Wednesday, December 18

“UNUSUAL” MOVE AIMED AT BREAKTHROUGHS?

No ASEAN chair “in recent memory” has appointed a team of informal advisers although it is quite common for ASEAN to appoint eminent persons or high-level task forces to focus on specific issues, said Sharon Seah, senior fellow and coordinator at the ISEAS-Yusof Ishak Institute’s ASEAN Studies Centre. 

“In that sense, it is quite unusual for an ASEAN country chair to appoint its own informal group,” she said.

“Perhaps PM Anwar feels that he would benefit from the experience of those who have been engaged with ASEAN in their ministerial capacities to advise and help to strategise issues relevant for Malaysia’s chairmanship.”

Bilahari Kausikan, former permanent secretary at Singapore’s Ministry of Foreign Affairs, told CNA it is unclear what implications Anwar’s move could have on ASEAN.

“Nobody really knows as this is unprecedented and it is not entirely clear why Malaysia decided to do this – but it is advisory in nature and it gives advice to the chair and not to ASEAN as a whole,” he noted.

Even if the chair accepts the team’s advice, ASEAN’s consensus-based nature means no member state needs to be bound by it, he added.

The retired diplomat personally feels Anwar’s move is “more performative than anything else”.

“Anwar has a record of making gestures that he does not necessarily follow through. So rather than speculate, I suggest we all just wait and see what happens if anything happens at all,” he added.

Anwar’s move has already drawn some criticism in Malaysia, with a politician from the opposition Parti Islam Se-Malaysia questioning his pick of Thaksin – who was convicted in Thailand of corruption and abuse of power – and whether it was for the Malaysian premier’s personal gain.

Malaysia’s Foreign Minister Mohamad Hasan leapt to Anwar’s defence, noting that Thaksin, as someone who is accepted by the United States, close to China and influential in Thailand, could foster greater cooperation between ASEAN and global powers.
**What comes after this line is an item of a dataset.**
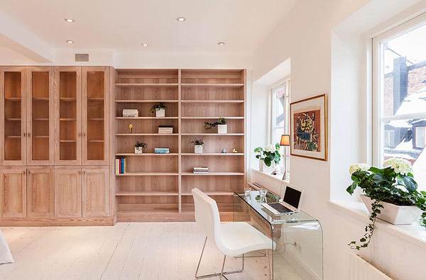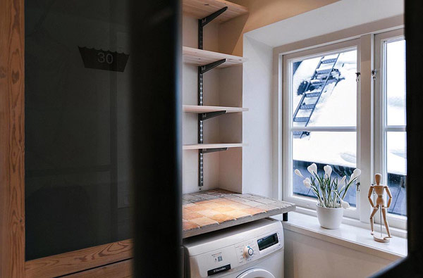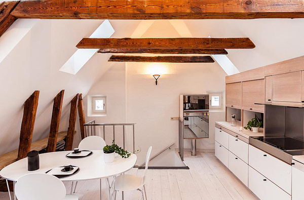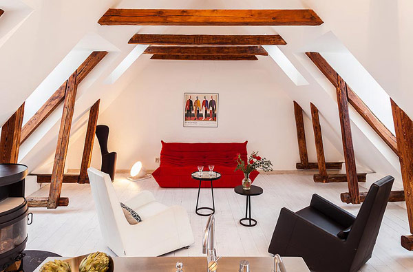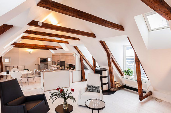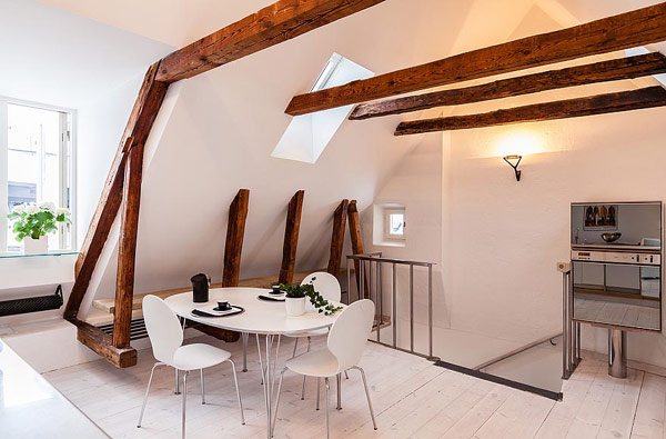 Този красив скандинавски дуплкес е с обща площ от 122 кв и има три стаи. На първия етаж има голям коридор, които води до спалнята както и голямо място за съхранение на дрехи и обувки. Има само една баня в цялото жилище и тя е на първия етаж. Класически стълби водят към страхотния втори етаж където дървените греди създават уютна атмосфера. Тук има всекидневна с отворен и трапезария – свеж и светъл интериор изпълнен с натурална светлина. Както в повечето скандинавски домове стените са боядисан в бяло като по този начин се създава силен контраст с дървените греди и червения диван.

Joshua Kurlantzick, a senior fellow for Southeast Asia at the Council on Foreign Relations think tank in the United States, called the Myanmar crisis and tensions in the South China Sea – where several ASEAN members have overlapping claims with China – “big issues” that the regional bloc lacks capacity in tackling.

“I think Anwar is trying to get around some of the bureaucracy and normal ASEAN efforts and make breakthroughs with the informal group,” he said.

“I think his aim is to build consensus and make ASEAN more powerful, but I’m not sure that is going to happen. Because the South China Sea and Myanmar are almost intractable issues, no matter what Anwar does.”